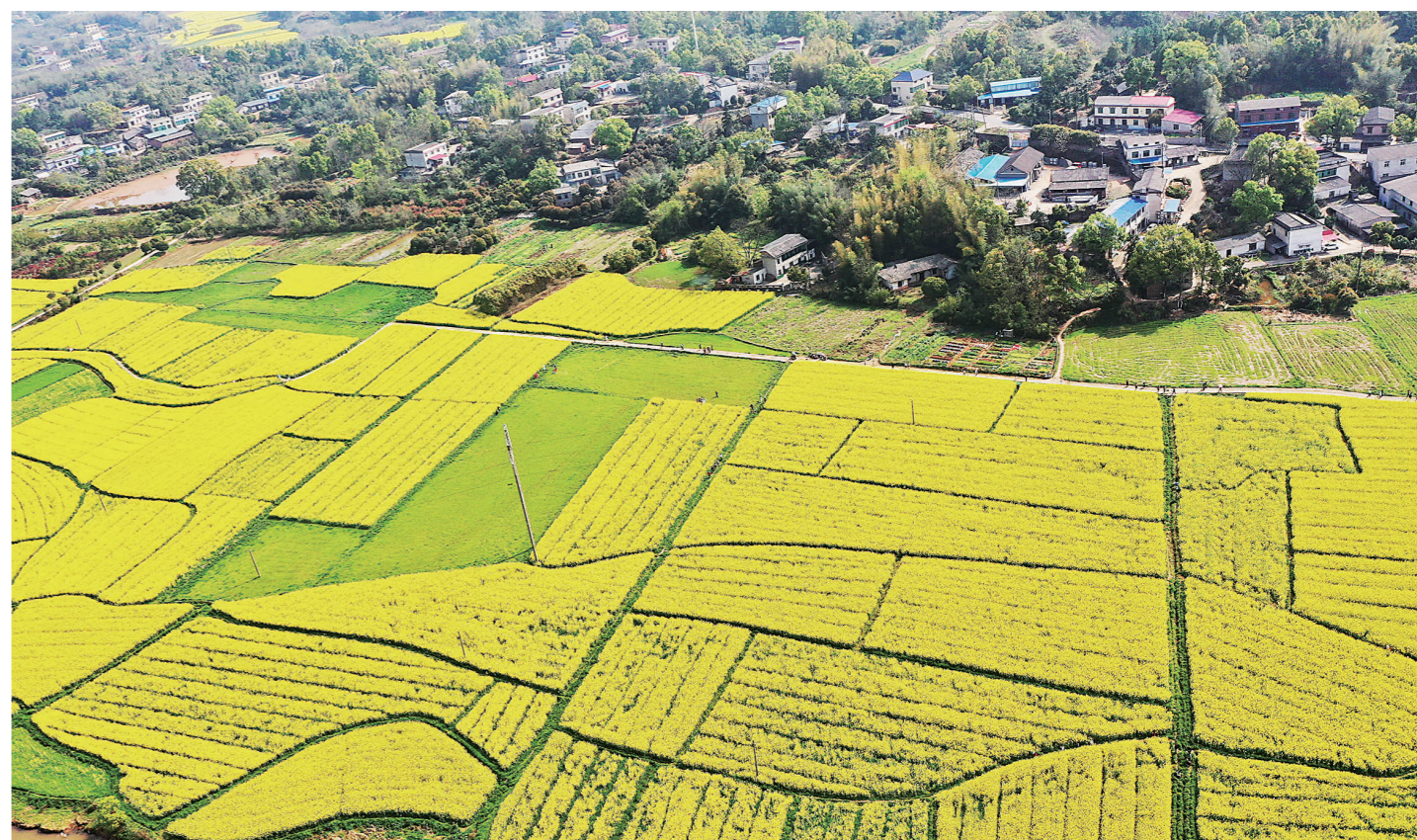
▲近日,荷塘区仙庾镇徐家塘村,千亩油菜花开始绽放,大地一片金黄,与民居、远山融为一体,构成一幅画卷般的乡村美景。据村民介绍,油菜花大规模开花是在三月中下旬至四月上旬。
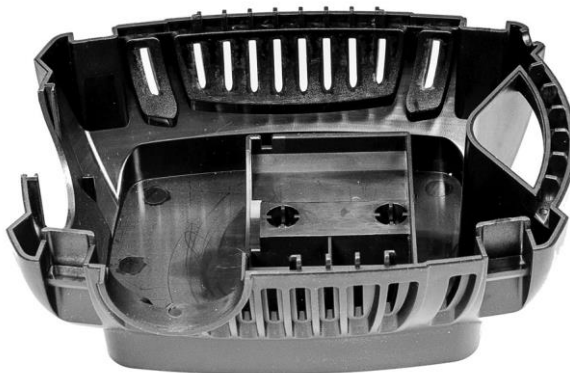
Pumppukotelon alaosa ja pumpun jalusta / Pumpkåpa - Boten med pumpfäste
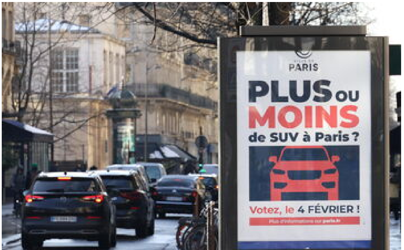
Stationnement SUV : en catimini, Anne Hidalgo revient sur sa promesse et veut faire payer tous les Parisiens P

• EXERCISE
Output the data above exactly. Drop every picture.

• WRITTEN REPLY
▲近日,荷塘区仙庾镇徐家塘村,千亩油菜花开始绽放,大地一片金黄,与民居、远山融为一体,构成一幅画卷般的乡村美景。据村民介绍,油菜花大规模开花是在三月中下旬至四月上旬。
Pumppukotelon alaosa ja pumpun jalusta / Pumpkåpa - Boten med pumpfäste
Stationnement SUV : en catimini, Anne Hidalgo revient sur sa promesse et veut faire payer tous les Parisiens P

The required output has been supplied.